A boat or vessel, with oars and lateen sails, used in the Mediterranean. It has this peculiarity, that the helm may be applied to the head or stern, as occasion requires. Mar. Dict. Encyc.

FEL'WORT, n.

A plant, a species of Gentian.

FE'MALE, a.

  1. Noting the sex which produces young; not male; as, a female bee.
  2. Pertaining to females; as, a female hand or heart; female tenderness. To the generous decision of female mind, we owe the discovery of America. Belknap.
  3. Feminine; soft; delicate; weak. Female rhymes, double rhymes, so called from the French, in which language they end in e feminine.

FE'MALE, n. [Fr. femelle; L. femella; Arm. femell; Fr. femme, woman; San. vama, vamani, a woman. See Feminine.]

  1. Among animals, one of that sex which conceives and brings forth young.
  2. Among plants, that which produces fruit; that which bears the pistil and receives the pollen of the male flowers.

FE'MALE-FLOW-ER, n.

In botany, a flower which is furnished with the pistil, pointal, or female organs.

FE'MALE-PLANT, n.

A plant which produces female flowers.

FE'MALE-SCREW, n.

A screw with grooves or channels.

FEME-CO-VERT, or FEMME-CO-VERT, n. [Fr.]

A married woman, who is under covert of her baron or husband.

FEME-SOLE, or FEMME-SOLE, n.

An unmarried woman. Femme-sole merchant, a woman who uses a trade alone, or without her husband.

FEM-I-NAL'I-TY, n.

The female nature. Brown.

FEM'I-NATE, a.

Feminine. [Not in use.] Ford.

FEM'I-NINE, a. [Fr. feminin; L. femininus, from femina, woman. The first syllable may be and probably is from wemb or womb, by the use of f for w; the b not being radical. The last part of the word is probably man, quasi, femman, womb-man.]

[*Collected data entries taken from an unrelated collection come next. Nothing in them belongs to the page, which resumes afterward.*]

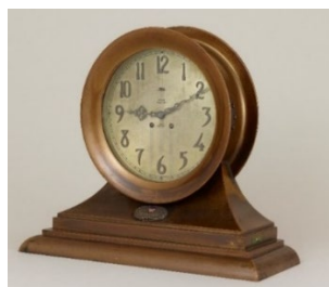
太陽鋳工(株)所蔵、神戸市立博物館寄託
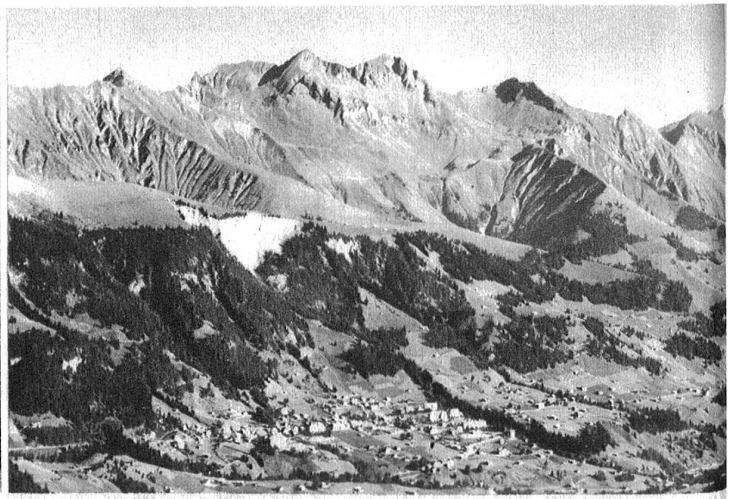
Wannenspitz-Weissenfluh oder Dreimännler-Männliflüh-Winterhorn-Ladholzhorn-Linterhorn-Weissefluh.
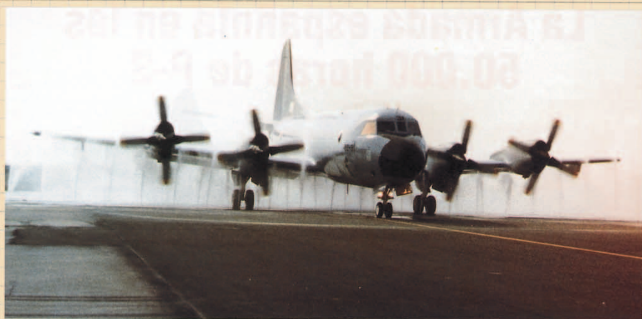
Después de los vuelos a baja cota sobre el mar hay que pasar el el lavadero para quitarse todo el salitre.
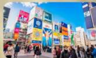
ซูปป์ิงชินโซบาชิ
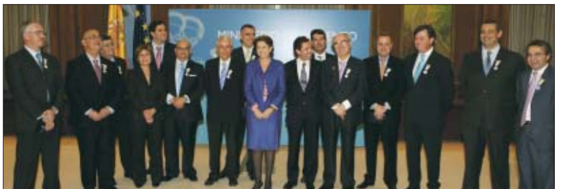
Los galardonados con la Medalla al Mérito del Transporte Terrestre, con la ministra de Fomento, Magdalena Álvarez.

otros cargos: presidente de la Asociación Provincial de Empresarios de Transporte Discrecional de La Coruña, presidente de la Asociación Gallega Anetra-Galicia, presidente de la Sección Discrecional del Comité Nacional de Transportes del Ministerio de Fomento, vocal del Consejo Nacional de Transportes (Órgano Superior de Asesoramiento, consulta y debate del Ministerio de Fomento), presidente de la Confederación de Transporte por Carretera, etc.
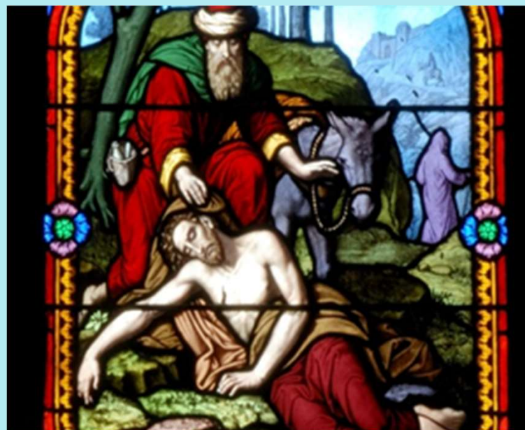
Den barmhärtige samariten
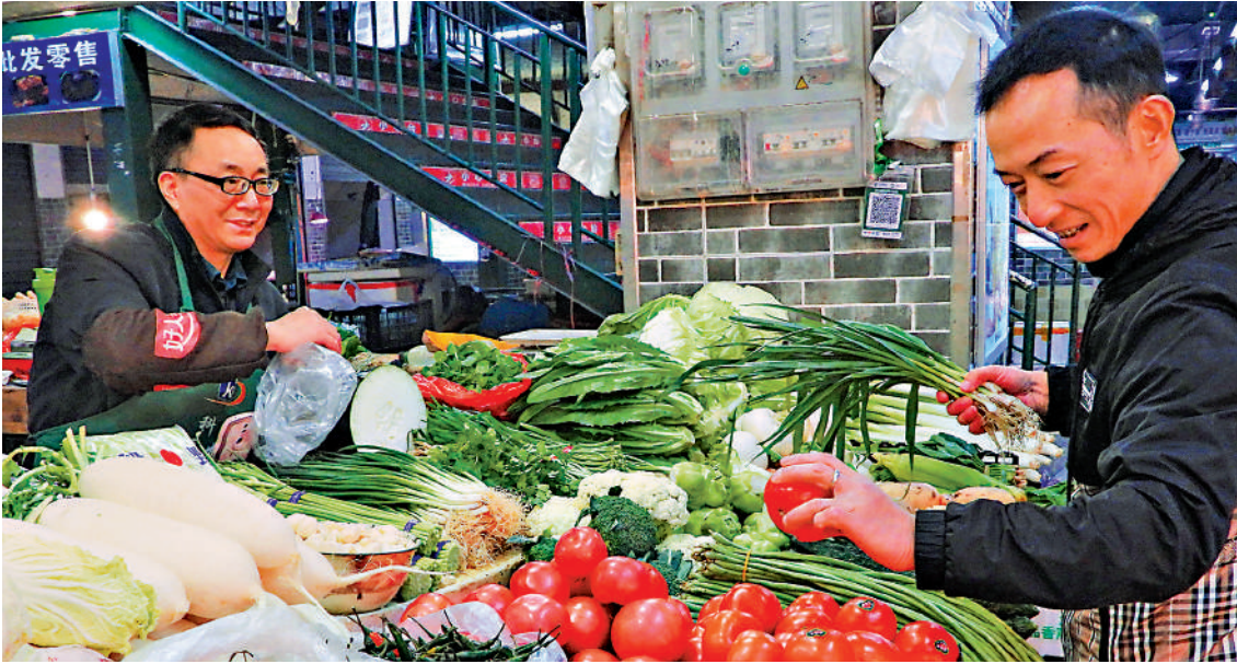
◀克服「供強需弱」問題，是未來一段時間需要面對的宏觀經濟重大課題。

  1. Pertaining to a woman, or to women, or to females; as, the feminine sex.
  2. Soft; tender; delicate. Her heavenly form / Angelic, but more soft and feminine. Milton.
  3. Effeminate; destitute of manly qualities. Ralegh.
  4. In grammar, denoting the gender or words which signify females, or the terminations of such words. Words are said to be of the feminine gender, when they denote females, or have the terminations proper to express females in any given language. Thus in Latin, dominus, a lord, is masculine; but domina, is mistress, a female. Milton uses feminine as a noun, for female.

FEM'IN-INE-LY, adv.

In a feminine manner.

FEM'IN-ISM, n.

The qualities of females.

FEM-IN'I-TY, n.

The quality of the female sex. [Not used.] Spenser.

FEM'I-NIZE, v.t.

To make womanish. [Not used.] More.

FEM'O-RAL, a. [L. femoralis, from femur, the thigh.]

Belonging to the thigh; as, the femoral artery.

FEN, n. [Sax. fen or fenn; D. veen; Arm. fenna, to overflow; W. fynu, to abound, to produce; hence L. fons, Eng. fountain.]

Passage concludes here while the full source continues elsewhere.